For www.HistoricalNovels.info my rule of thumb is whether the author lived through the time s/he writes about. So Dickens' A Tale of Two Cities is historical fiction, David Copperfield is not. My absolute cut-off point is the World War II period and its immediate aftermath (with a few exceptions, as in the Asia page, in order to include the early part of the Cultural Revolution period in China). I notice, however, that a few genuine historical novels (by my definition) are beginning to be written about the Vietnam War, by people who were not yet born when Saigon fell and the U.S. troops came home. In the WWII and WWI sections, I do list quite a few classic novels that don't fit my definition of historical. I also list Jane Austen's novels on the 19th Century Europe page, even though they are not historical, because a whole subgenre of historical novels has arisen that are sequels of one sort or another to Austen's novels, and it just felt to me like Jane Austen's novels belonged with that list.

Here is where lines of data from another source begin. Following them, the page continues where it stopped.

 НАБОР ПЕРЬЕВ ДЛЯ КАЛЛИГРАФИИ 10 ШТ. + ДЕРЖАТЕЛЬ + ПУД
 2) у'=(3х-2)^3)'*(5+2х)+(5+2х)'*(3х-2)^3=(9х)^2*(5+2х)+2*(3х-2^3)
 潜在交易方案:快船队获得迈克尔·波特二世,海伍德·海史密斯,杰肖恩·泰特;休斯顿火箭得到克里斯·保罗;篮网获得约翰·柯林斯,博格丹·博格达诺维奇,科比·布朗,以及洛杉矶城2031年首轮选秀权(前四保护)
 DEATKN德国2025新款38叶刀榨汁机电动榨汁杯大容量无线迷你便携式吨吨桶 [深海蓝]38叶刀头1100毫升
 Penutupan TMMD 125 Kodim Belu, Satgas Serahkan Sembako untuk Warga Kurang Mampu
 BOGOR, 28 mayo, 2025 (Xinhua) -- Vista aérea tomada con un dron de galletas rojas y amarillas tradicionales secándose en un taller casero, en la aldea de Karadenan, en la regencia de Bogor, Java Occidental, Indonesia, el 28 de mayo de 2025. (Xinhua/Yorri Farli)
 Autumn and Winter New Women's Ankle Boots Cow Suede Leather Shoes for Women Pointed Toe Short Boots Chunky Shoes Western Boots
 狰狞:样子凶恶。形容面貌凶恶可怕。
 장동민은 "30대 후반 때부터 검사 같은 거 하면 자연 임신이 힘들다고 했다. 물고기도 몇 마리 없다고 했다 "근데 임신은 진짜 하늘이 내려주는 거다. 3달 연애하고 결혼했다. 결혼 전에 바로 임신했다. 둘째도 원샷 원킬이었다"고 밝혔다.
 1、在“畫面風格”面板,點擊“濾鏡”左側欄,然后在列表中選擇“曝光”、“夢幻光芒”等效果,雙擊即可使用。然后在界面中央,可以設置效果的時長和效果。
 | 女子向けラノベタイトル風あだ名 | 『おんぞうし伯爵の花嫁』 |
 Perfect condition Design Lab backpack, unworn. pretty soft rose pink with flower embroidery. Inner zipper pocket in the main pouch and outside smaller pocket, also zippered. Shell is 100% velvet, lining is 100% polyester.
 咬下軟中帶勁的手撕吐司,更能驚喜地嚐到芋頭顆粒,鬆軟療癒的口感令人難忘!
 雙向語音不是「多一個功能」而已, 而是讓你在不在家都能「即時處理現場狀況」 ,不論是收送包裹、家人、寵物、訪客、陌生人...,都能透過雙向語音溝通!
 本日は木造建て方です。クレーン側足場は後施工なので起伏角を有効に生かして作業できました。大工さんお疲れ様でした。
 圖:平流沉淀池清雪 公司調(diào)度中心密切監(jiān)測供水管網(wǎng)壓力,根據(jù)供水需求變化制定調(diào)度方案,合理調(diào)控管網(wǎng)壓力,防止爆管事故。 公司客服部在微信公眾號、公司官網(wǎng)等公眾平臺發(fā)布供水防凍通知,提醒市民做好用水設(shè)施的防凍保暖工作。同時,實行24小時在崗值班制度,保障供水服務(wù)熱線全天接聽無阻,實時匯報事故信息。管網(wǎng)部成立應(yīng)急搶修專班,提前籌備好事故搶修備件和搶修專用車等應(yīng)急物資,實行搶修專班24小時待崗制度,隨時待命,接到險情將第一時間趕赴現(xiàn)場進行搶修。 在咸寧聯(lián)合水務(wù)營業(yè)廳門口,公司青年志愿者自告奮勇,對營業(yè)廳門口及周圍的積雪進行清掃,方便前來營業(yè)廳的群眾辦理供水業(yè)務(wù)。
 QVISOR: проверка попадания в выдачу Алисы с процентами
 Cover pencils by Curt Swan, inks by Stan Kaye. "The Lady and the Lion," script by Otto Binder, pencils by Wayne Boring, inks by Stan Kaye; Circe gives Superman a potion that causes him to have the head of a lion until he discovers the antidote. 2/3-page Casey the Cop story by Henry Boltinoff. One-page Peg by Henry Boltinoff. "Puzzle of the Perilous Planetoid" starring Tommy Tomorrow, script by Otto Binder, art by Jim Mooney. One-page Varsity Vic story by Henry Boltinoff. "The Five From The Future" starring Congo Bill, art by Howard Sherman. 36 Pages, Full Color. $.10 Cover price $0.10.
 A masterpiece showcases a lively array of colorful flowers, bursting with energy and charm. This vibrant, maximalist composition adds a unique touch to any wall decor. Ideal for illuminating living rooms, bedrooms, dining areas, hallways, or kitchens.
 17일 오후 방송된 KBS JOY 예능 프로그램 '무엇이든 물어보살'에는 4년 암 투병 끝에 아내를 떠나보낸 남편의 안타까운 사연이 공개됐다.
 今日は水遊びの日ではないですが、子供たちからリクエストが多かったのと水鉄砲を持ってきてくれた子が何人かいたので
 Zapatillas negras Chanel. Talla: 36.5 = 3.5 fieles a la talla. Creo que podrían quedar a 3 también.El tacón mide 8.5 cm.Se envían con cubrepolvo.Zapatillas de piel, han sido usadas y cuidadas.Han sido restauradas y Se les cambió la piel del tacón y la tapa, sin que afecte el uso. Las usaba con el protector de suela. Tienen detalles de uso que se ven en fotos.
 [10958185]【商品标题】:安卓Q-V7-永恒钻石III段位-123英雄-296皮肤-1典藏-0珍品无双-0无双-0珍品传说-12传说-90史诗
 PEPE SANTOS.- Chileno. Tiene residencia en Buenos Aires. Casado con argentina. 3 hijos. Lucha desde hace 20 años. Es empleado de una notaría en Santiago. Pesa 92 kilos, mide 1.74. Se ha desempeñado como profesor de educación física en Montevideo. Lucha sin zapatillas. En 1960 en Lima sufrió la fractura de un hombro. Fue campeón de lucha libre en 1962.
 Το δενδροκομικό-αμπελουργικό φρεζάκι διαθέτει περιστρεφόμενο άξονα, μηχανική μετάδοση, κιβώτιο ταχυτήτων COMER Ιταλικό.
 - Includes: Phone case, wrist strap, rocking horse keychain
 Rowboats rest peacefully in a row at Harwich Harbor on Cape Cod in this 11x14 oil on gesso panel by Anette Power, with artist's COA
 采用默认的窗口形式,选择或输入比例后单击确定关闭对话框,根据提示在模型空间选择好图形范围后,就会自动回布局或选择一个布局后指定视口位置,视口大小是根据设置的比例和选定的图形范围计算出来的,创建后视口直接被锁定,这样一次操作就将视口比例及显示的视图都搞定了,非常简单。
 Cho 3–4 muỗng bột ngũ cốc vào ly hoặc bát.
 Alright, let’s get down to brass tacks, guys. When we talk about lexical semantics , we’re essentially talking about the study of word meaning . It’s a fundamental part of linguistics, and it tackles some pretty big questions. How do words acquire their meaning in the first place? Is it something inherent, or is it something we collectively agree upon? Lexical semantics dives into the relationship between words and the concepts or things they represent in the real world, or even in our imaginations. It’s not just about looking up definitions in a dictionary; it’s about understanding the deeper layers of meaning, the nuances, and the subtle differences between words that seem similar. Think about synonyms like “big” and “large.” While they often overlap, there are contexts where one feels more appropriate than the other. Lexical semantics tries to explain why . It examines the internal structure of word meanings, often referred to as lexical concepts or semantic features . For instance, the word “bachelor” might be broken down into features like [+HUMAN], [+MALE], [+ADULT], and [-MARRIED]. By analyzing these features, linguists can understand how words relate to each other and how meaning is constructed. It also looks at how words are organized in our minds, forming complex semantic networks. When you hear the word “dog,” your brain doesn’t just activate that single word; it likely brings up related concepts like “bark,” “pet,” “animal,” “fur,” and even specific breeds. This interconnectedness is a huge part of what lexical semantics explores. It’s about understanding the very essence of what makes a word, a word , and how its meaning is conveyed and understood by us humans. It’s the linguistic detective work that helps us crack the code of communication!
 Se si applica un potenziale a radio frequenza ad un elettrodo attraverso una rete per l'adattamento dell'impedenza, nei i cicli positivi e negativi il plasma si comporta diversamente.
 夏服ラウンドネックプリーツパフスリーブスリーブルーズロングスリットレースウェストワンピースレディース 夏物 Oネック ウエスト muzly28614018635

I do feel there's a sometimes-subtle difference between novels written about times the author lived through and novels written by authors who had to research those times. It's like the difference between hiking up a mountain trail and viewing the mountain from a distance. Neither experience, by itself, gives a person the full truth about what the mountain is. Just so, people writing about their own times have a much more detailed knowledge of their time, but may take many things for granted that they don't mention in their work, and may also have prejudices that distort their understanding of their own times. Historical novelists have the disadvantage of having to learn everything through research rather than through their personal experience, and will almost inevitably allow a few anachronisms to slip through, but they also have the great advantage of being able to see the time period they are writing about in context with a larger flow of history, and free of the prejudices of the people who lived in that time (though still, alas, subject to the prejudices of their own times).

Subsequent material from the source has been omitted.